Un indice significatif vient nuancer la portée du rapprochement algéro-malien : le 10 avril 2026, le ministre malien des Affaires étrangères Abdoulaye Diop a déclaré que le Mali soutenait le plan marocain d’autonomie pour le Sahara occidental — une position qui rompt avec l’environnement régional traditionnellement plus favorable aux positions algériennes11. Cette annonce intervient trois mois avant la normalisation complète des relations avec Alger, ce qui illustre la thèse centrale de cette note : la restauration des canaux diplomatiques et sécuritaires n’entraîne pas automatiquement un alignement politique. Le Mali a pu, dans le même intervalle temporel, se rapprocher d’Alger sur le plan bilatéral et s’éloigner d’elle sur l’un des dossiers les plus sensibles de sa diplomatie régionale. Ce découplage constitue, à ce stade, l’élément le plus tangible en faveur de l’hypothèse du containment sans alignement — sans pour autant la démontrer de manière définitive, la position malienne pouvant aussi s’expliquer par des considérations propres à la relation Bamako-Rabat, indépendantes de la relation Bamako-Alger.
V. Le problème de la crédibilité algérienne
La question de la confiance que les capitales sahéliennes peuvent accorder aux nouvelles promesses algériennes se pose avec une acuité particulière compte tenu des précédents de la politique étrangère d’Alger. On observe des séquences comparables de tension puis de réengagement avec la France, autour des excuses coloniales et de la mémoire des essais nucléaires, et avec l’Espagne, sur le dossier du Sahara occidental et les relations hispano-marocaines — deux crises qui se sont, l’une comme l’autre, soldées par un réchauffement ultérieur12. Ces dossiers ne sont pas identiques à celui de l’AES : ils impliquent des puissances établies, non des régimes de transition en quête de reconnaissance internationale, et ne portent pas sur des questions de sécurité frontalière directe.
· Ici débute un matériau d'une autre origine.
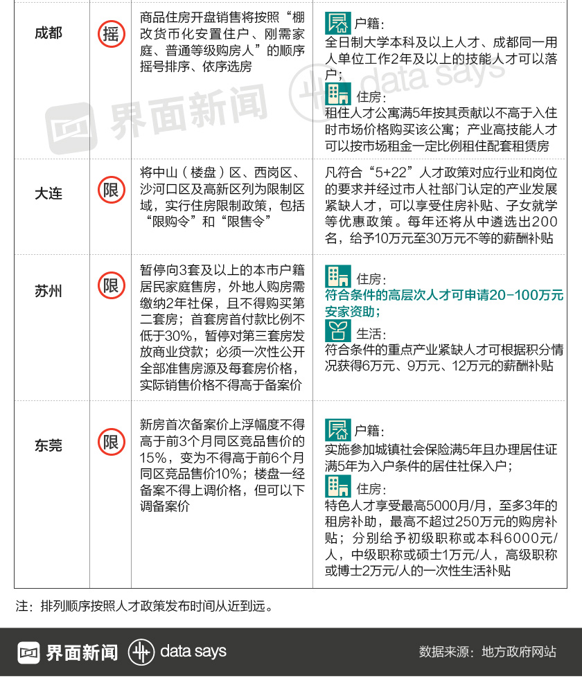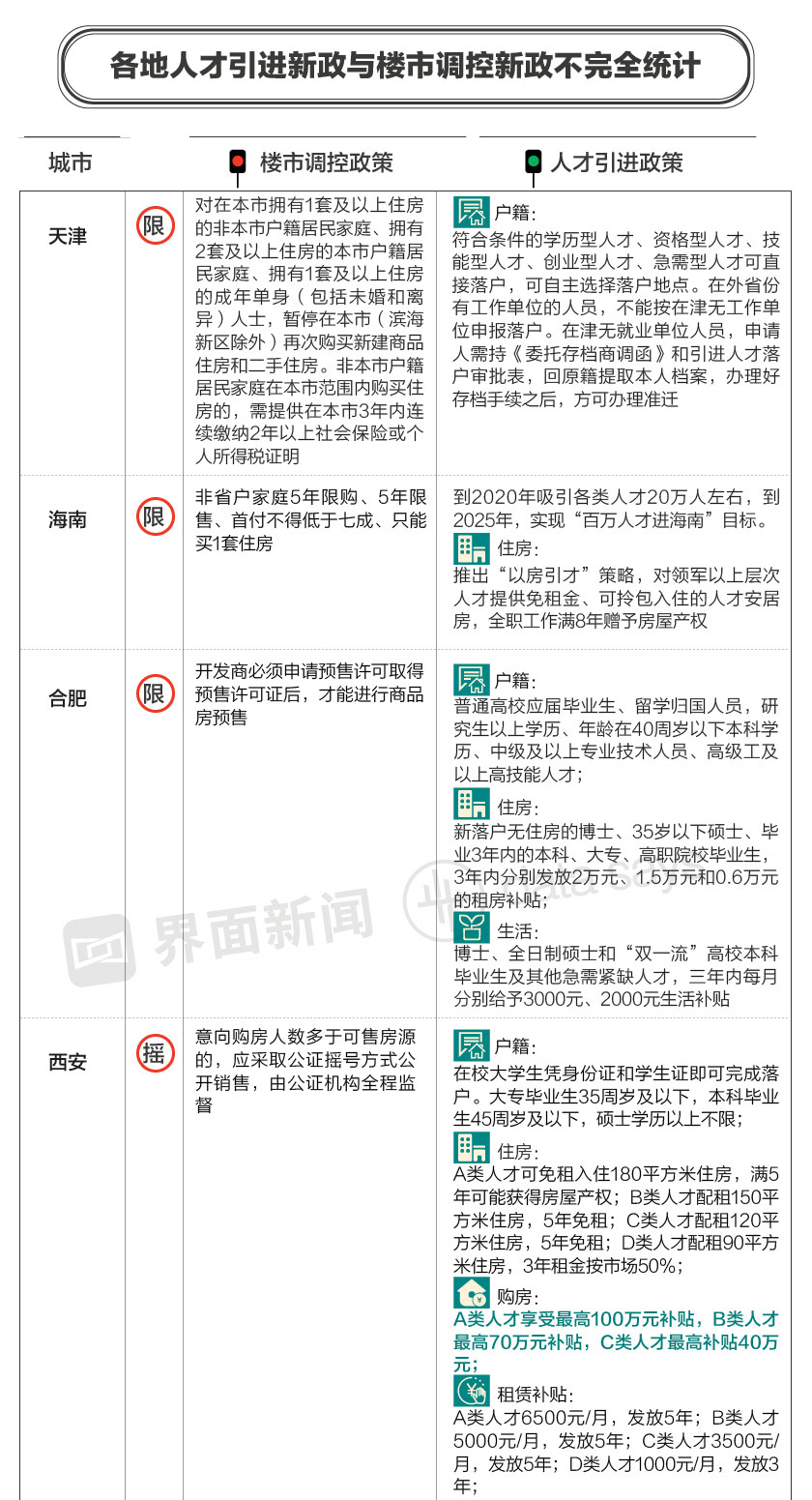 同时,各大城市上演“抢人大战”,相继出台一系列人才引进政策,包括降低户籍准入、提供住房福利、促进就业创业等,其中不少地区还提供各种形式的购房补贴。
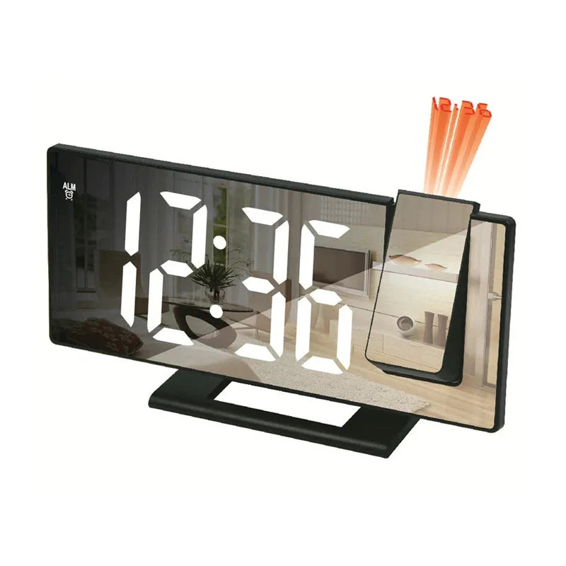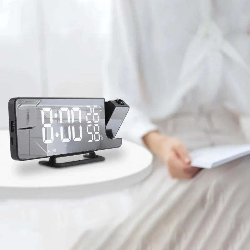 Herää moderniin tyyliin – Musta digitaalinen projektoriherätyskello peilinäytöllä
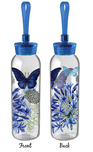 Cypress Home Blue Floral Study Double Sided Decal Glass Water Bottle, 18 ounces

Mais ils dessinent un pattern diplomatique récurrent qu’il serait imprudent d’ignorer : confrontation, rupture, pression, réajustement, normalisation.
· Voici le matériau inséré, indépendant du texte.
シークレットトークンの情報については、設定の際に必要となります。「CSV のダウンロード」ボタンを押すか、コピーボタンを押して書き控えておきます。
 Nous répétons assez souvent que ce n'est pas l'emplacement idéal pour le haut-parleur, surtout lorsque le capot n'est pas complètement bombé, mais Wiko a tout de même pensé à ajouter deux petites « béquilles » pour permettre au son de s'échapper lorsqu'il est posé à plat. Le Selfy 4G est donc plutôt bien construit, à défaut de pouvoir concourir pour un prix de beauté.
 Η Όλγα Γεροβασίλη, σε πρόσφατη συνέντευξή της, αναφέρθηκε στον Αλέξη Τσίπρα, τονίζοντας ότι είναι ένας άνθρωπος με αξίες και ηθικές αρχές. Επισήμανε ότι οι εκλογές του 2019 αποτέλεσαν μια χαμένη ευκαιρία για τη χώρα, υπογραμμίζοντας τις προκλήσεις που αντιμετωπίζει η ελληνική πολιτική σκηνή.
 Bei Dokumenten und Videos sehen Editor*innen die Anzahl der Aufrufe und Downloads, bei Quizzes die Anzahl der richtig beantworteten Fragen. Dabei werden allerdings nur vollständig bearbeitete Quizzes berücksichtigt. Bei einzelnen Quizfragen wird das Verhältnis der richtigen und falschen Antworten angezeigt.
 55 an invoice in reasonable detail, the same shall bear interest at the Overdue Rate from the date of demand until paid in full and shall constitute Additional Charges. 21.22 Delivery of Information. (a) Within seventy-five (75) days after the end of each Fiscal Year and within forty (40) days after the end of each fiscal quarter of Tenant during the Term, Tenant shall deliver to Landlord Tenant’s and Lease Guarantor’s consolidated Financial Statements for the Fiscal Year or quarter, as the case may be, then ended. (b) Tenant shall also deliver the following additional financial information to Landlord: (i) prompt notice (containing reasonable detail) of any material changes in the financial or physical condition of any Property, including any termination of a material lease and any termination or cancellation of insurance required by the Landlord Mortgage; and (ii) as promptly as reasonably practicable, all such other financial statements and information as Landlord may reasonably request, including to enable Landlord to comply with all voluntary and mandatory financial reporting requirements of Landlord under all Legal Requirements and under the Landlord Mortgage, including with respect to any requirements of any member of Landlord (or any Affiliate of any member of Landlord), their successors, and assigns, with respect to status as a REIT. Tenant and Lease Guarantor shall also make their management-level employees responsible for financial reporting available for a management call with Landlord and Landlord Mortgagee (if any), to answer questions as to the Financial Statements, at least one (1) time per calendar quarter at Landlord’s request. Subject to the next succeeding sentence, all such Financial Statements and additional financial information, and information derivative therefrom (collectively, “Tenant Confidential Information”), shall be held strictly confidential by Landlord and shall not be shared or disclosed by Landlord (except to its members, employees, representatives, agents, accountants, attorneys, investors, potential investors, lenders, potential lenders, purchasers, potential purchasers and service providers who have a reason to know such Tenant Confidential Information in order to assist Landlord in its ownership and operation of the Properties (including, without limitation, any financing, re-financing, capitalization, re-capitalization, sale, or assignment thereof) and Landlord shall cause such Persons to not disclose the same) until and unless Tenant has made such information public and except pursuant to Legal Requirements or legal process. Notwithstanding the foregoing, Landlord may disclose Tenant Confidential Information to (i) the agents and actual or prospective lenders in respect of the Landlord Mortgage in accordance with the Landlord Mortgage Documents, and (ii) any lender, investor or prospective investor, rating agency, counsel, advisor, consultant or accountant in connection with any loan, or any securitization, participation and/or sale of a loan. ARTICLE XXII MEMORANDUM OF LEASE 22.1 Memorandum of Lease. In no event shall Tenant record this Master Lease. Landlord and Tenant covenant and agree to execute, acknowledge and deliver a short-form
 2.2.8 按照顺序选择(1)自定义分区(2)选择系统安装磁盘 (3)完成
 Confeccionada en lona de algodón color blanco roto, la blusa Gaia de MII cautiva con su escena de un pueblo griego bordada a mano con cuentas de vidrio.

Une contradiction structurelle mérite d’ailleurs d’être relevée dans le positionnement algérien à l’égard des régimes putschistes : la posture initiale de refus de dialogue avec les auteurs de coups d’État a été directement contredite par l’accueil réservé au président Tiani quelques mois plus tard. Cette évolution peut se lire de deux manières distinctes, qu’il convient de ne pas confondre : soit comme un pragmatisme diplomatique salutaire, où les intérêts nationaux priment légitimement sur les postures de principe ; soit comme un facteur qui fragilise la prévisibilité de la parole algérienne aux yeux de partenaires eux-mêmes issus de transitions militaires et donc particulièrement sensibles à la cohérence des positions affichées à leur endroit.
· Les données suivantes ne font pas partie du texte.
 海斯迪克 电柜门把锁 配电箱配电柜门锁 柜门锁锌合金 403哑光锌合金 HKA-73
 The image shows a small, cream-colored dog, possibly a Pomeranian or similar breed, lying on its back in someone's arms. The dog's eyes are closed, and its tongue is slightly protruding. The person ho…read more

Dans ce contexte, la question stratégique posée aux capitales sahéliennes n’est pas de savoir si Alger est sincère dans sa démarche de normalisation — l’intérêt objectif de l’Algérie à stabiliser sa frontière sud n’est pas sérieusement contestable — mais de savoir pourquoi cette nouvelle phase devrait être considérée comme irréversible, alors que la précédente séquence de dégradation est intervenue après des décennies de relations jugées globalement stables. La normalisation est un acte diplomatique, daté et vérifiable. La confiance est un processus, qui se construit sur la durée et se mesure à l’aune des engagements tenus plutôt que des annonces formulées.
VI. Le retard de matérialisation
Le point le plus significatif de cette analyse ne concerne pas l’absence de projets algériens en Afrique subsaharienne. Les sources disponibles attestent au contraire d’une doctrine africaine dense, articulée depuis 2023 autour de l’intégration économique régionale, de l’effacement de dettes, des zones franches frontalières et de la coopération énergétique13. Le problème identifiable est ailleurs : dans l’écart persistant entre l’annonce, la décision, le financement, la réalisation et l’exploitation effective des projets.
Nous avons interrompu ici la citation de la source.